Schellnhuber: First of all, what's hubristic here is the way we are unscrupulously interfering with creation by burning all the fossil fuels. And of course the world won't end if temperatures go up by 2.01 degrees, let alone end suddenly. From today's scientific perspective, we could possibly live with a warming of two to three degrees. But that range should be the extent of it, because greater increases in temperature would trigger uncontrollable processes, leading to sudden and irreversible changes in ice sheets and continental ecosystems. The overwhelming majority of climatologists assume that a global temperature rise of four degrees would be an immensely dangerous route that we should avoid at all costs.
SPIEGEL: Why then have you, as one of the creators of the two-degree target, imposed such a magical limit to which all countries must slavishly adhere?

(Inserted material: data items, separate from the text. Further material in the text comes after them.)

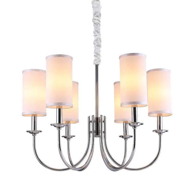 Преобладающий цвет люстры: Бежевый, плафонов: Бежевый, арматуры: Матовый никель; материал изготовления арматуры: Металл, размеры, мм: / высота 550 / диаметр 680. Общая мощность – 360 Ватт. Основной тип ламп, предусмотренный производителем: Накаливания с цоколем E14. В зависимости от предпочтений можно использовать лампы теплового, холодного или нейтрального света, за исключением люстр с типом цоколя LED.
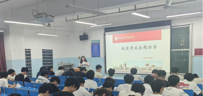 班会最后,各班级发出倡议:以实力争取优异成绩,以诚信展现优良学风,争做德技双馨的软件人。同学们纷纷表示,将从自身做起,严守考纪,拒绝作弊,用真实成绩书写青春答卷。
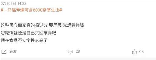 而值得注意的是,福壽螺冒充田螺,不僅在螺螄粉。有消費者表示:好多小店賣的爆炒螺絲都是用的福壽螺,甚至一家老牌田螺店也用的這玩意。
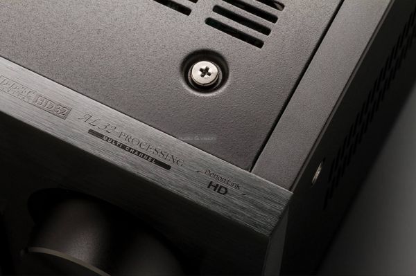Az előlap alumínium, méghozzá meglehetősen vastag, a lehajtható ajtó valóságos fémtömb. A tető- és oldallapok és a padlólemez nem többrétegűek, mint egyes Denon DVD- és BD-játszókéi, de bizalomgerjesztő mennyiségű anyag van bennük. A két tekerőgomb nem csak szép, ritkán előforduló használatuk közben azt sugallják, high tech csúcsmodellt érintünk. A fényes (tesztalanyunk prémium-ezüst színű) pogácsák közé jókora kijelzőt telepítettek, messziről is felismerhető ábrákkal, betűkkel, számokkal tájékoztatja használóját mindenről, amit tudnia kell. Nekünk nagyon tetszett a menüben választható csatornakijelzés, a beérkező és a kimenő is megjeleníthető, de egy időben csak az egyik.
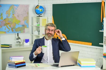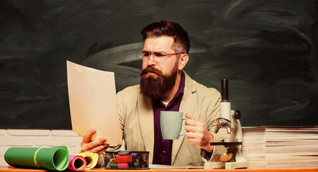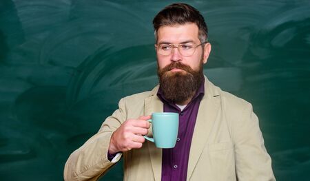 Education and school concept. bearded man hipster drink tea at school. ready for lesson. mature teacher at blackboard. Towards knowledge. good morning coffee. back to school. intelligent look

Schellnhuber: Politicians like to have clear targets, and a simple number is easier to handle than a complex temperature range. Besides, it was important to introduce a quantitative orientation in the first place, which the 1992 Framework Convention on Climate Change managed to elegantly wangle its way out of. And let's be honest: Even if we aim for the two-degree target, we'll end up somewhat higher. Whenever there's a speed limit, most drivers tend to go a little faster.
SPIEGEL: At the climate summit in Copenhagen, the prevailing impression was that the most important countries don't want any fixed rules at all.
Schellnhuber: It's true that the big picture remains unclear. For the time being, there will certainly be no substantial treaty among all 194 signatories to the convention. That's why we have to pin our hopes on smaller alliances for now, such as between the European Union and Brazil. What's happening in Brazil is unbelievable. In 20 or 30 years, they could meet all of their energy needs from renewable resources. Perhaps we'll all be driving with sustainable biofuel from Brazil soon. And such bilateral projects will certainly help set the unwieldy behemoth that is the global climate treaty into motion.
SPIEGEL: Which countries do you believe are best suited to bringing about a total rebuilding of industrial society?
Schellnhuber: Ultimately only democratic societies will be able to master this challenge, notwithstanding their torturous decision-marking processes. But to get there perhaps we'll need innovative refinement of our democratic institutions. I could imagine assigning 10 percent of all seats in parliament to ombudsmen who represent only the interests of future generations.
SPIEGEL: Mr. Schellnhuber, thank you for this interview.